Mandatory Injunction & Abatement
Our dissenting colleague asserts that the developers’ obligation to maintain the subdivision roads has not yet been established. This question was settled by this court’s prior opinion on this issue, and we cannot revisit it.
The town’s past communication with a DOT engineer about the street maintenance takeover process cannot relieve the developers of their obligation to maintain the subdivision roads, as it has been previously determined by this court on the same record relied upon by our dissenting colleague.
The record reveals the parties have a long history of disagreement about exactly how to bring the roads in compliance with DOT standards. The trial court recognized this disagreement could give rise to “a disputed fact[,] … that [the developers] made an effort to correct these [roads] and they’re now where they should be.” Nevertheless, the trial court failed to resolve this dispute.
The trial court’s order requires the developers “to submit to the Town a proposed plan to bring [the development] streets into compliance with NCDOT standards.” As written, the developers cannot know from the terms of the order itself exactly what the court is ordering them to do, namely what DOT standards have not been met and what repairs the developers must make to bring the development roads into compliance. The order must identify which DOT standards are at issue and what repairs are sufficient to bring the roads into compliance.
The town was not authorized to impose penalties between 14 October 2016 and 8 June 2017, while the developers’ first lawsuit was on appeal.
The town’s agreement to dismiss the penalties imposed upon the developers from 14 October 2016 to 8 June 2017 during the pendency of the first appeal does not relieve the town of its liability for the developers’ attorney’s fees incurred contesting those penalties. We reverse the order denying the developers’ motion and remand to the trial court to determine and make appropriate findings regarding what attorney’s fees the developers reasonably incurred in challenging the civil penalties imposed during the pendency of their first appeal.
Affirmed in part, reversed in part, and remanded.
(Tyson, J.): The town wrote DOT engineer Ritchie Hearne on 19 January 2006 stating that the town was “’willing to take the [subdivision] streets … into the Town with some verification from you. [We request] a letter from you stating that the roads … are built to NCDOT standards. When we receive this letter, we will proceed with adoption of said streets.’”

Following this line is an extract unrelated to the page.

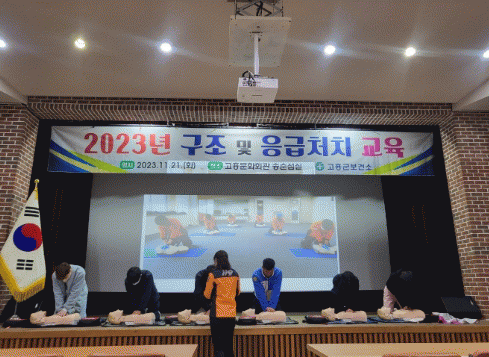 이번 교육은 응급상황 발생 시 대처 능력을 향상시키기 위해 심정지 및 기도 폐색 시 구조활동을 할 수 있도록 심폐소생술·하임리히법·자동심장충격기 사용법 등 마네킹을 활용한 실습 형태로 진행됐다.

The real issue appears to be who is responsible for the repairs and maintenance for the normal wear and tear to the streets in the subdivision since Hearne’s letter dated 25 April 2006. If repairs were needed to meet DOT standards on that date, those would be the developers’ responsibility. The town had expressly agreed to be bound by Hearne’s determination of the developers’ compliance with DOT standards, which he certified, and to accept maintenance of the streets. The record does not show that the town inspected the development and provided the developers with a list of items that needed to be corrected, until over eight years later.
The town has collected ad valorem taxes from the developers and the property owners of the subdivision since bringing the subdivision into the town’s limits. The town cannot now shirk its maintenance and repair obligations for normal wear and tear to the streets and shift them onto the developers. Those obligations and costs are rightfully the town’s responsibility.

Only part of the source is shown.